=== What you should do ===
Consider the listing below. Extract exactly the lines from the line containing "发布会上我院经营主任曹女士接" to the line containing "Computer-Ständer, mobil •", both included.
== Supplied material
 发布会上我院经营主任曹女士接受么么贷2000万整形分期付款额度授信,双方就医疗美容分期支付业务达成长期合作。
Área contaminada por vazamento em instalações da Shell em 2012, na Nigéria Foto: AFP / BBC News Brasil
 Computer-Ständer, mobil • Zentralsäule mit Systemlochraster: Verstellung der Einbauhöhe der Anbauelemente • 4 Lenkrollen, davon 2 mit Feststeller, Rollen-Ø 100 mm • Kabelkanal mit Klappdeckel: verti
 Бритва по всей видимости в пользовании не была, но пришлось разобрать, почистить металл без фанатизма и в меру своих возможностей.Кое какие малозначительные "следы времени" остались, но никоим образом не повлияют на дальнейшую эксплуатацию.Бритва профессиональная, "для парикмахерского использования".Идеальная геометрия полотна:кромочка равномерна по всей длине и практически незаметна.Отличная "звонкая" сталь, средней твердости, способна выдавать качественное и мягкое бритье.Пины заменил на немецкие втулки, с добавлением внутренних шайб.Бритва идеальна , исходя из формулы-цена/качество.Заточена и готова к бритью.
====
== Supplied material
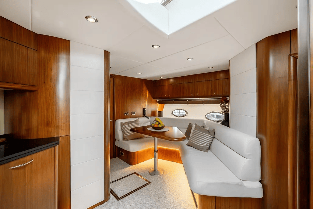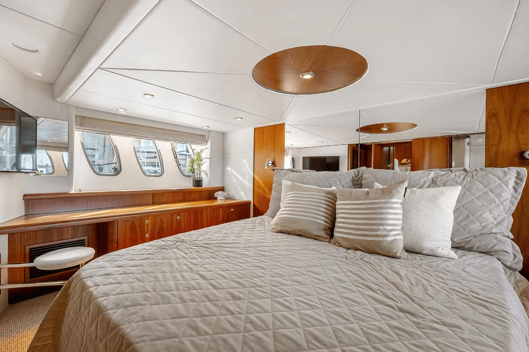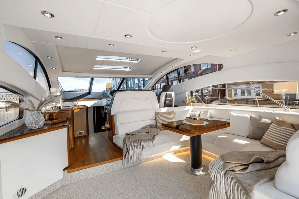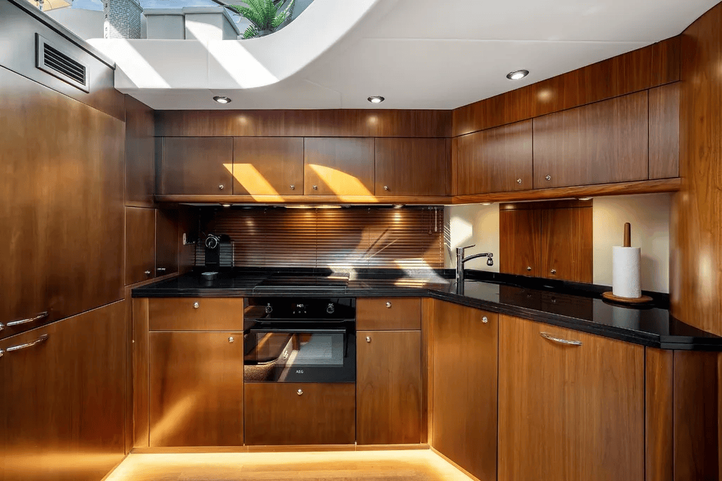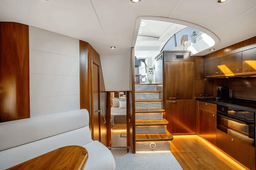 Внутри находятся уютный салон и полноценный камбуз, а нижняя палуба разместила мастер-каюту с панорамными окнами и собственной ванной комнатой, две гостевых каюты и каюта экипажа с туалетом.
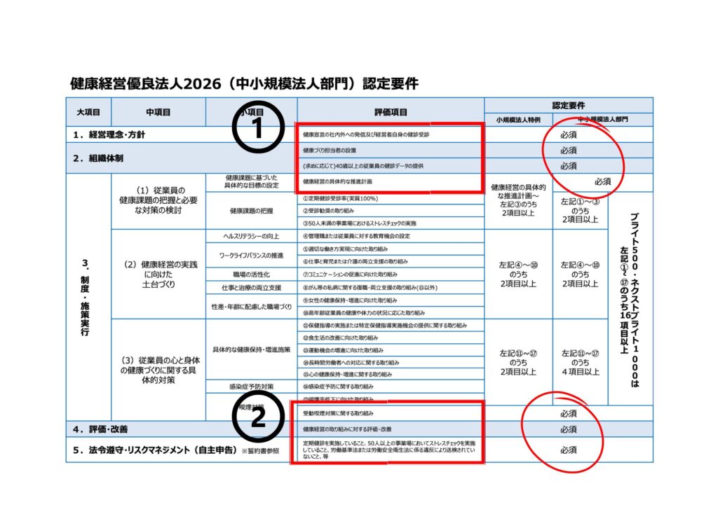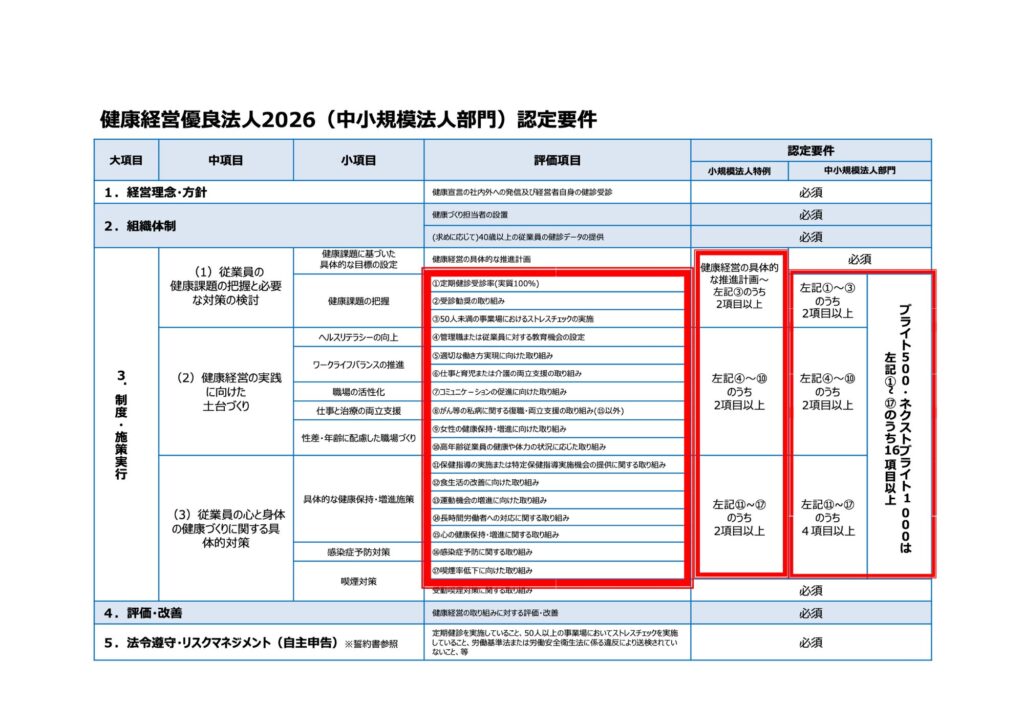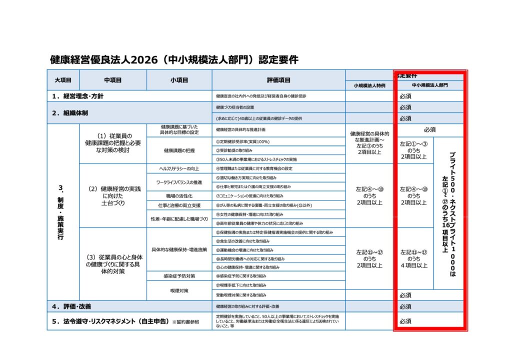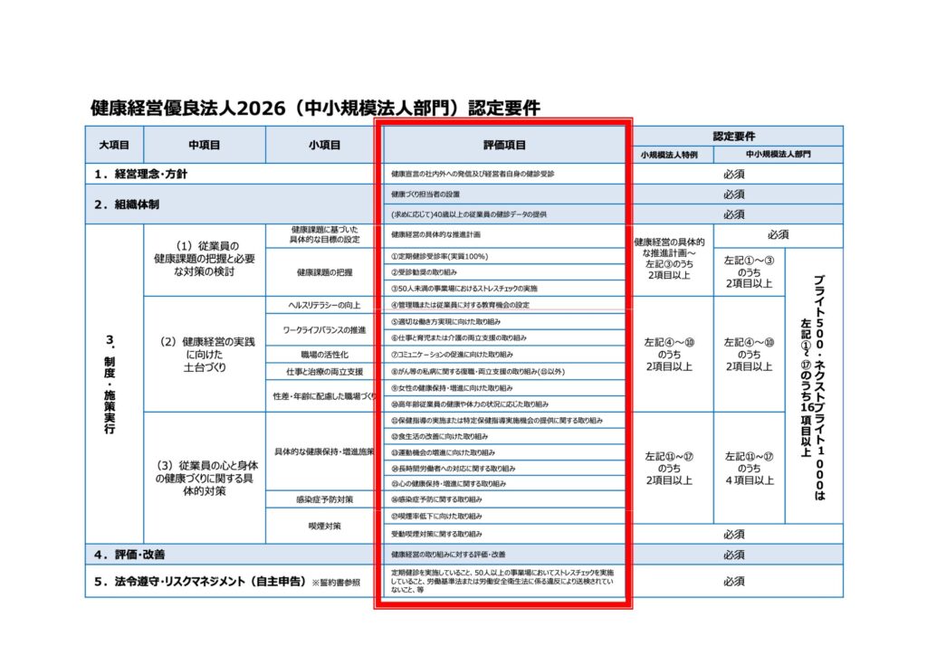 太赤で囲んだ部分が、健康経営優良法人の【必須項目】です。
====
=== Your solution ===
 发布会上我院经营主任曹女士接受么么贷2000万整形分期付款额度授信,双方就医疗美容分期支付业务达成长期合作。
Área contaminada por vazamento em instalações da Shell em 2012, na Nigéria Foto: AFP / BBC News Brasil
 Computer-Ständer, mobil • Zentralsäule mit Systemlochraster: Verstellung der Einbauhöhe der Anbauelemente • 4 Lenkrollen, davon 2 mit Feststeller, Rollen-Ø 100 mm • Kabelkanal mit Klappdeckel: verti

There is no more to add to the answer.